For a small percentage of those dependencies, there may be competition between the senior leader’s organization and some other group, and that is where opportunistic failure comes in.

The scenario works like this: 

Senior leader has an empowered team.  They can deliver on 30 capabilities.  Someone from outside his or her organization, perhaps an enterprise architect, points out that one of those capabilities is overlapping.  Let’s say it is the “Product Shipment Tracking” capability.  The EA instructs the senior leader to “take a dependency” on another department (logistics in this case) for that.  The senior leader disagrees in principle because he has people who do a good job of that capability, and he doesn’t want to take the dependency.  However, he cannot convince other leaders that he should continue to perform the “product shipment tracking” capability in his own team. 

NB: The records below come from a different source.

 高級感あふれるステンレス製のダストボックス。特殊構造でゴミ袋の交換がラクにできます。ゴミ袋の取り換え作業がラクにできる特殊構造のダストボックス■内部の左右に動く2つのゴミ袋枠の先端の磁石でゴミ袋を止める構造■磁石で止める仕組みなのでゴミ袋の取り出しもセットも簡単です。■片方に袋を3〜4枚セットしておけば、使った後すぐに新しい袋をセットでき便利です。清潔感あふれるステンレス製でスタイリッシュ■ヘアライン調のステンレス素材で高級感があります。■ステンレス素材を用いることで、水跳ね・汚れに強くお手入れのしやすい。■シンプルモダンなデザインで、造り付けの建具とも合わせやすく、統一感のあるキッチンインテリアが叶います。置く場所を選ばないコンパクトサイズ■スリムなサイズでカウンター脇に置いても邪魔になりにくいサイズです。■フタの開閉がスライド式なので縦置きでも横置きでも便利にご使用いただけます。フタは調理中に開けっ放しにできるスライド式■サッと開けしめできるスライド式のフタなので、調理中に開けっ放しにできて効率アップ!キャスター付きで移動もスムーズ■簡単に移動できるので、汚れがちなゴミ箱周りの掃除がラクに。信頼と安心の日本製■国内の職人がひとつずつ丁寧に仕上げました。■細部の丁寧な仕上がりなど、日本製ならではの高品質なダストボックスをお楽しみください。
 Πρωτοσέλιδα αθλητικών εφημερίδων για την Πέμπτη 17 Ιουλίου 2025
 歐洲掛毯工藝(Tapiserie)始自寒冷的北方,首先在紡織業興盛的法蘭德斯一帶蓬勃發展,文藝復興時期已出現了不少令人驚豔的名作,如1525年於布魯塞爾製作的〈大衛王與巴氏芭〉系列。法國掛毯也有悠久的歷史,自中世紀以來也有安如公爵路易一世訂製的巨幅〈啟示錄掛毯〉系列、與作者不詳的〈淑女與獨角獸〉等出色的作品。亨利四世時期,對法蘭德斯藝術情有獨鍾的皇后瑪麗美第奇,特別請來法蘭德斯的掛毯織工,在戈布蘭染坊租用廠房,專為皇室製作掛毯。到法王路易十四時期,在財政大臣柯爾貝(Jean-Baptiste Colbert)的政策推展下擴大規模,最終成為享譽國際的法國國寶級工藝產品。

So he contacts the other department (logistics) and sets up an intentionally dysfunctional relationship.  After some time, the relationship fails.  Senior leader goes to his manager and says “we tried that, and it didn’t work, so I’m going to do it my way.”  No one objects, and his team gets to keep the capability.

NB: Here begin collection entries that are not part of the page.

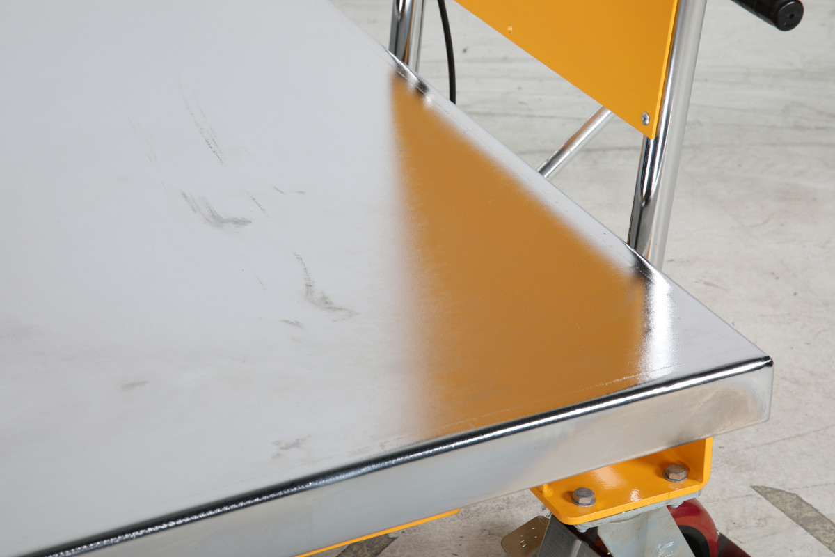 SP500B är utrustat med ett stabilt, fast handtag som ger god kontroll vid förflyttning. Den elförzinkade lastplattan ger motståndskraft mot rost, vilket förlänger bordets livslängd även i krävande miljöer.
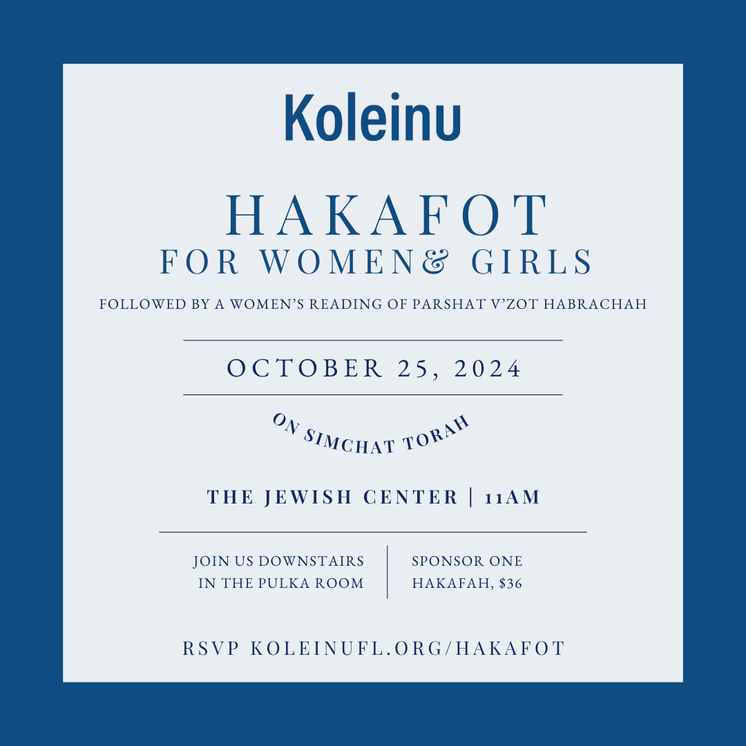 Women, girls, and children of the Fair Lawn community are invited to women’s Hakafot with a Sefer Torah on Simchat Torah!
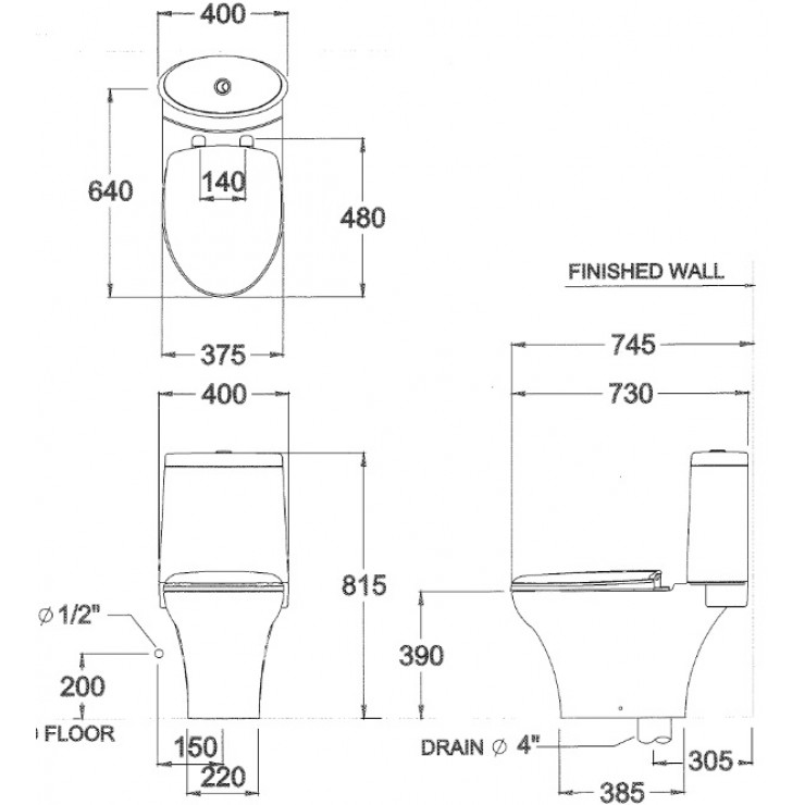 - 400 x 730 x 815 mm

In effect, the senior leader felt it was in her own best interest to fight the rationale for “taking a dependency,” but instead of fighting head-on, s/he pretends to cooperate, sabotages the relationship, and then gets the desired result when the effort fails.  This is called “opportunistic failure.” 

Thoughts on Opportunistic Failure

Opportunistic failure may work in the favor of anyone, even an Enterprise Architect.  However, as an EA, I’ve most often seen it used by business leaders to insure that they are NOT going to be asked to comply with the advice of Enterprise Architecture, even when it makes sense from an organizational and/or financial standpoint. 

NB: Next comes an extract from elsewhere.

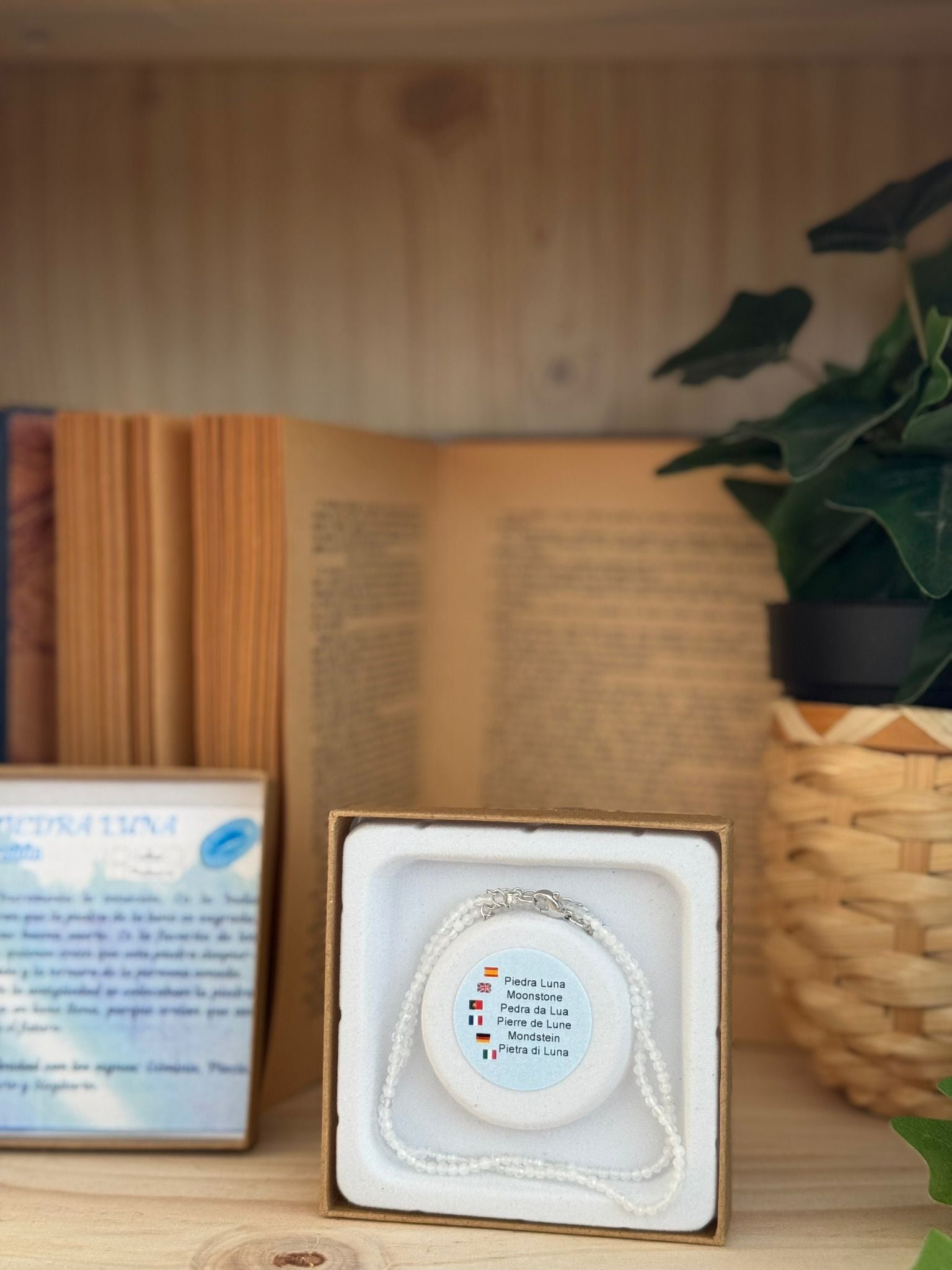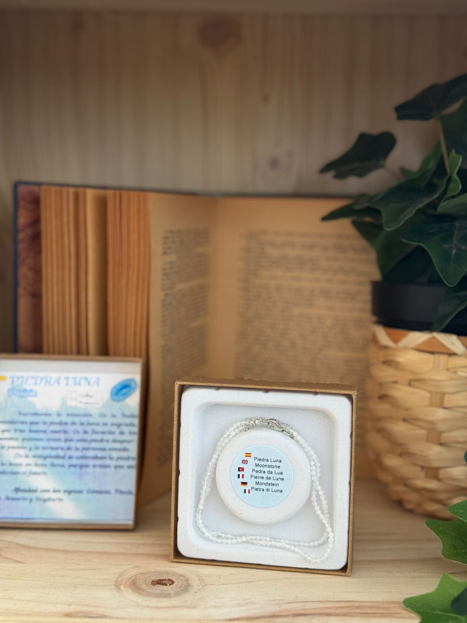 Cada pieza está cuidadosamente seleccionada por su brillo iridiscente y pureza, reflejando la luz con un tono mágico que simboliza la conexión con la luna.

In addition, one of the basic assumptions of EA is that we can apply a small amount of pressure to key points of change to induce large impacts.  That assumption collapses in the face of opportunistic failure.  Organizations can be very resistant to change, and this is one of the ways in which that resistance manifests. 

Therefore, while EA could benefit from EA, I’ll primarily discuss ways to address the potential for a business leader to use operational failure to work against the best interests of the enterprise.

  1. Get senior visibility. – If a business leader is tempted to use opportunistic failure to resist good advice, get someone who is two or more levels higher than that leader to buy in to the recommended approach.  This radically reduces the possibility that the business leader will take the risk to his or her career that this kind of failure may pose.
  2. Get the underlying managers in that senior manager’s team on board, and even better, get them to agree to the specific measures of progress that demonstrate success.  This creates a kind of “organizational momentum” that even senior leaders have a difficult time resisting.
  3. Work to insure that EA maintains a good relationship with the business party that will come up short if the initiative does fail.  That way, they feel that you’ve remained on their side, and will call on you to escalate the issue if it arises.
  4. Play the game – look for things to trade off with.  If the senior manager is willing to risk opportunistic failure, you may be able to swing them over to supporting the initiative if you can trade off something else that they want… perhaps letting another, less important, concern slide for a year.  

 

Conclusion

For non-EAs reading this post: EA is not always political… but sometimes it is.  Failing to recognize the politics will make you into an ineffective EA.  On the other hand, being prepared for the politics will not make you effective either… it will just remove an obstacle to effectiveness.